Anan Hoda H, Zidan Rania A, Shaheen Mohammad A, Abd-El Fattah Enas A
Histology and Cell Biology Department, Faculty of Medicine, Zagazig University, Zagazig, Egypt.
Histology and Cell Biology Department, Faculty of Medicine, Zagazig University, Zagazig, Egypt.
Cytotherapy. 2016 Aug;18(8):970-984. doi: 10.1016/j.jcyt.2016.05.004.
Renal disease is a major health problem. Recent studies have reported the efficacy of stem cell therapy in nephropathy animal models.
This study was designed to investigate the therapeutic effectiveness of bone marrow-derived mesenchymal stromal cells (MSCs) versus losartan in the treatment of renal alterations induced by adriamycin (ADR).

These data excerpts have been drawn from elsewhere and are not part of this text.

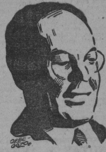
ENRIQUE HERTZOG Presidente de Bolivia

Más tarde, el presidente de la Argentina colocó la primera piedra de la Escuela que la Argentina regala a Bolivia, de acuerdo con la voluntad de Belgrano, expresada en su testamento. Inmediatamente después, Perón, acompañado de su esposa y del presidente boliviano, salieron para Sanaña. La Cámara de los Diputados ha enviado un cordial mensaje de saludo al general Perón con motivo de la visita de éste a territorio boliviano.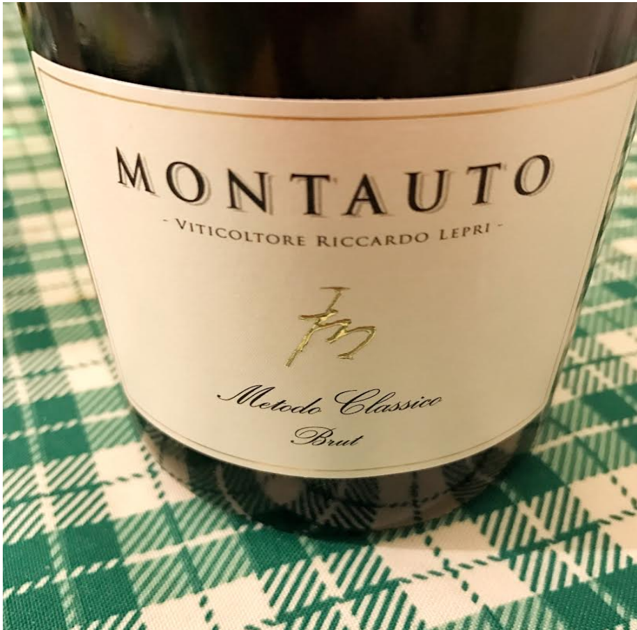
Montauto Brut Metodo Classico.

La Toscana del vino è una regione che fa del rosso il colore dominante. In Italia e nel mondo, si parla dei grandi vini rossi come Chianti Classico, Brunello di Montalcino e Nobile di Montepulciano, tanto per citarne alcuni. Ogni tanto, però, accade “l'imprevisto”, ossia che un vino toscano di altra tipologia possa essere ricordato per le sue innate qualità. E quando accade è sempre un evento più unico che raro.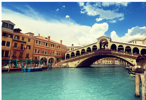
Міст Ріальто, Венеція.

Переїзд до готелю поблизу Мілана. Пізніше поселення в готель, ночівля.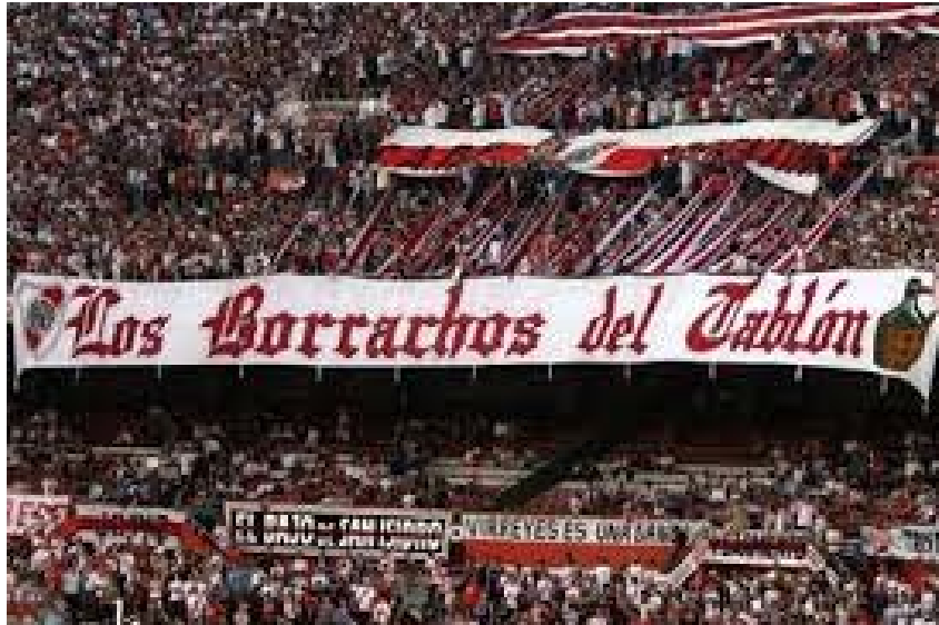
LOS BORRACHOS DEL TABLÓN (RIVER PLATE, ARGENTINA)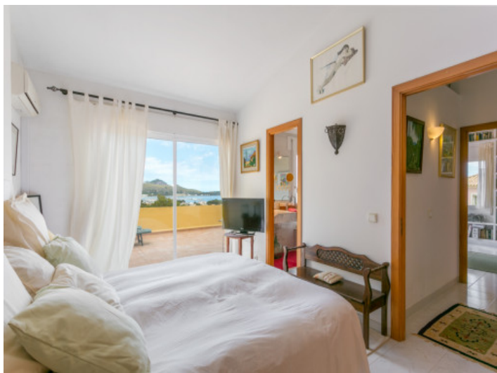
Dormitorio inundado de luz

Thirty-five adult male albino rats were divided into four groups. Group I was the control group. Group II (adriamycin-treated group),which included ten rats that were injected with a single dose of adriamycin (15 mg/kg) intraperitoneally, was subdivided into subgroup IIa and IIb and they were sacrificed 1 week and 5 weeks after adriamycin injection, respectively. Group III was the adriamycin + losartan-treated group and 1 week after adriamycin injection five rats received 10 mg/kg of losartan orally and daily for 4 weeks. Group IV was the adriamycin + MSC-treated group); five rats were injected with adriamycin as group II then supplied with MSCs at a dose of 1 × 10(6) cells suspended in 0.5 mL of phosphate-buffered saline (PBS) per rat in the tail vein 1 week after adriamycin injection. Rats of this group were sacrificed 4 weeks after the stem cell injection. Blood urea nitrogen and serum creatinine were measured. Samples from renal cortex were processed for light and electron microscope examination. As regards light microscope, sections were stained with hematoxylin and eosin (H-E), periodic acid-Schiff (PAS), masson trichrome, proliferating cell nuclear antigen (PCNA) and Caspase-3 immunohistochemical stains. Morphometrical and statistical analyses were also conducted.
Examination of adriamycin-treated group revealed deterioration of renal functions and various degrees of renal structural alterations as vacuolated cytoplasm, dark nuclei and detached epithelial lining. Administration of losartan partially improved ADR-induced kidney dysfunction, whereas MSCs denoted a more ameliorative role evidenced by structural and functional recovery.
MSCs have a relevant therapeutic potential against ADR-induced renal damage. MSCs may accomplish this role by decreasing caspase-3 expression and increasing proliferating cell nuclear antigen staining which influence the regeneration of the kidney.
肾脏疾病是一个主要的健康问题。最近的研究报道了干细胞疗法在肾病动物模型中的疗效。
本研究旨在调查骨髓间充质基质细胞(MSCs)与氯沙坦相比在治疗阿霉素(ADR)诱导的肾脏改变中的治疗效果。
35只成年雄性白化大鼠被分为四组。第一组为对照组。第二组(阿霉素治疗组)包括10只大鼠,腹腔注射单剂量阿霉素(15mg/kg),分别在阿霉素注射后1周和5周处死,并分为亚组IIa和IIb。第三组为阿霉素+氯沙坦治疗组,在阿霉素注射1周后,5只大鼠口服10mg/kg氯沙坦,每日1次,共4周。第四组为阿霉素+间充质干细胞治疗组;5只大鼠如第二组一样注射阿霉素,然后在阿霉素注射1周后经尾静脉给予每只大鼠剂量为1×10(6)个细胞且悬浮于0.5mL磷酸盐缓冲盐水(PBS)中的间充质干细胞。该组大鼠在干细胞注射4周后处死。测量血尿素氮和血清肌酐。对肾皮质样本进行光镜和电镜检查。至于光镜检查,切片用苏木精和伊红(H-E)、过碘酸希夫(PAS)、马松三色染色、增殖细胞核抗原(PCNA)和半胱天冬酶-3免疫组化染色。还进行了形态计量学和统计学分析。
阿霉素治疗组检查显示肾功能恶化以及各种程度的肾脏结构改变,如细胞质空泡化、细胞核深色化和上皮衬里脱落。氯沙坦的给药部分改善了阿霉素诱导的肾功能障碍,而间充质干细胞表现出更明显的改善作用,这通过结构和功能的恢复得到证明。
间充质干细胞对阿霉素诱导的肾损伤具有相关的治疗潜力。间充质干细胞可能通过降低半胱天冬酶-3表达和增加增殖细胞核抗原染色来发挥这一作用,从而影响肾脏的再生。